LLMNR and NBT-NS poisoning

The Link-Local Multicast Name Resolution (LLMNR) and Netbios Name Service (NBT-NS) protocols can be abused to intercept local network traffic.

These protocols allow machines on the same subnet to identify hosts when DNS resolution fails. A Windows machine first tries to resolve a hostname through the Domain Name System (DNS) protocol. If DNS resolution fails, then broadcast LLMNR and / or NBT-NS requests will be sent over the local network in an attempt to ask all other machines on the local network for the associated IP address.

An attacker can listen on a network for these LLMNR (UDP: 5355) or NBT-NS (UDP: 137) broadcasts requests and respond to them, thus pretending to be the requested host.

Note that following the Microsoft security bulletin MS16-077 (Security Update for WPAD), the location of the WPAD file (which provide the client its proxy settings) is no longer requested via broadcast protocols, such as LLMNR and NBT-NS, but only via DNS.

NTLM relaying

The NT LAN Manager v1 and v2 authentication process, used in by the Server Message Block (SMB) protocol can be subverted.

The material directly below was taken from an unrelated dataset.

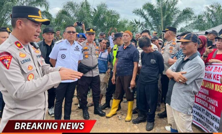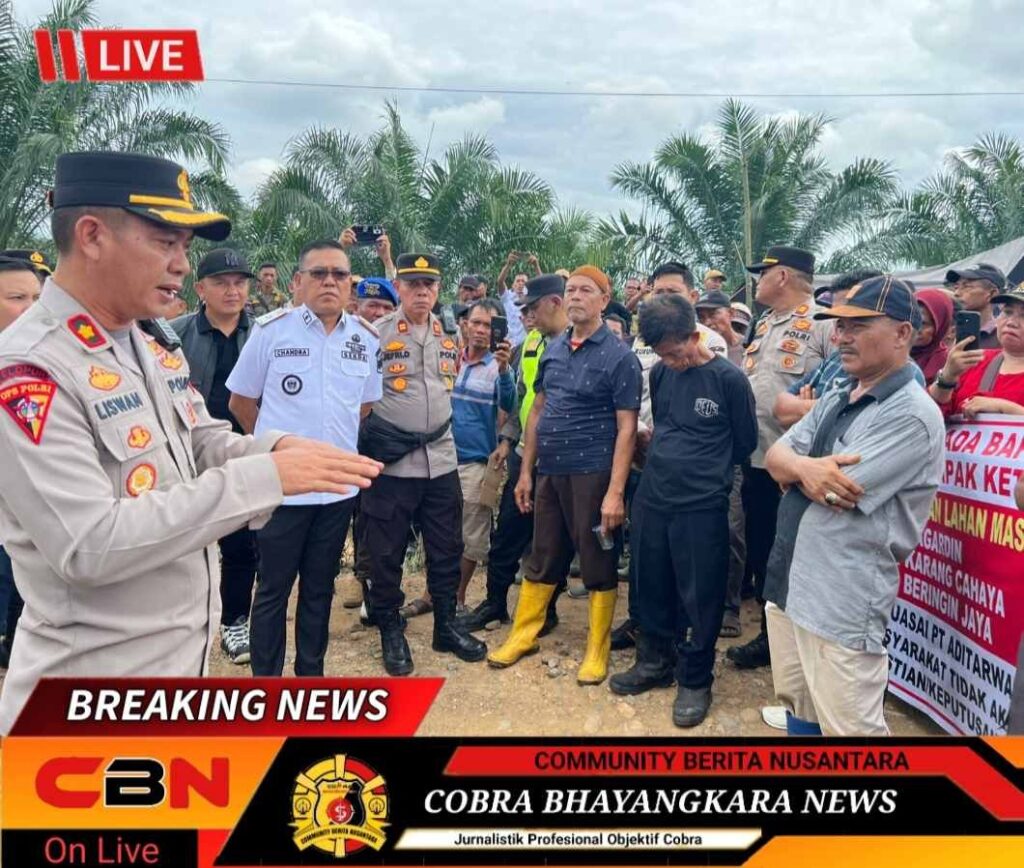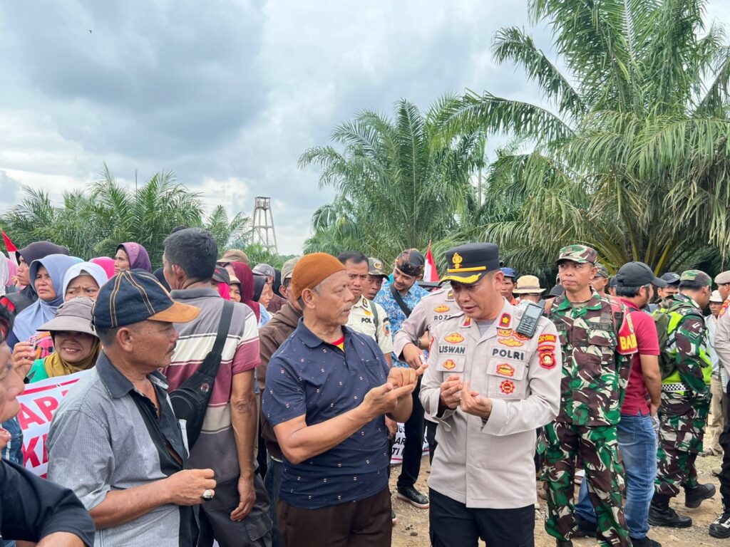 Personel Polres Lahat dan gabungan Polsek melaksanakan Aksi Anjuk Rasa damai Warga 5 (Lima) Desa (Desa Lubuk Seketi, Desa Jajaran Lama, Desa Suka Merindu Desa Wanaraya dan Desa Purworejo) Kecamatan Kikim Barat dan 5 Desa (Desa Pagardin, Desa Karang Cahaya, Desa Beringin Jaya, Desa Lubuk Lungkang dan Desa Padang Bindu) Kikim Selatan Kabupaten Lahat telah di lokasi aksi Simpang 3 (Tiga) Tower depan Kantor PT. Aditarwan Desa Pagardin dan Desa Karang Cahaya Kecamatan Kikim Selatan Kabupaten Lahat,

The attack unwinds as follow:

1. The victim tries to authenticates himself to a server (SMB_COM_NEGOTIATE Request)

2. The authentication request is intercepted by an attacker

3. The attacker initiates an authentication procedure to a targeted server and retrieves an authentication challenge (NTLM_CHALLENGE_MESSAGE) from this server

4. The attacker forwards this challenge to the victim

5. The victim answers the challenge to the attacker (NTLM_AUTHENTICATION_MESSAGE)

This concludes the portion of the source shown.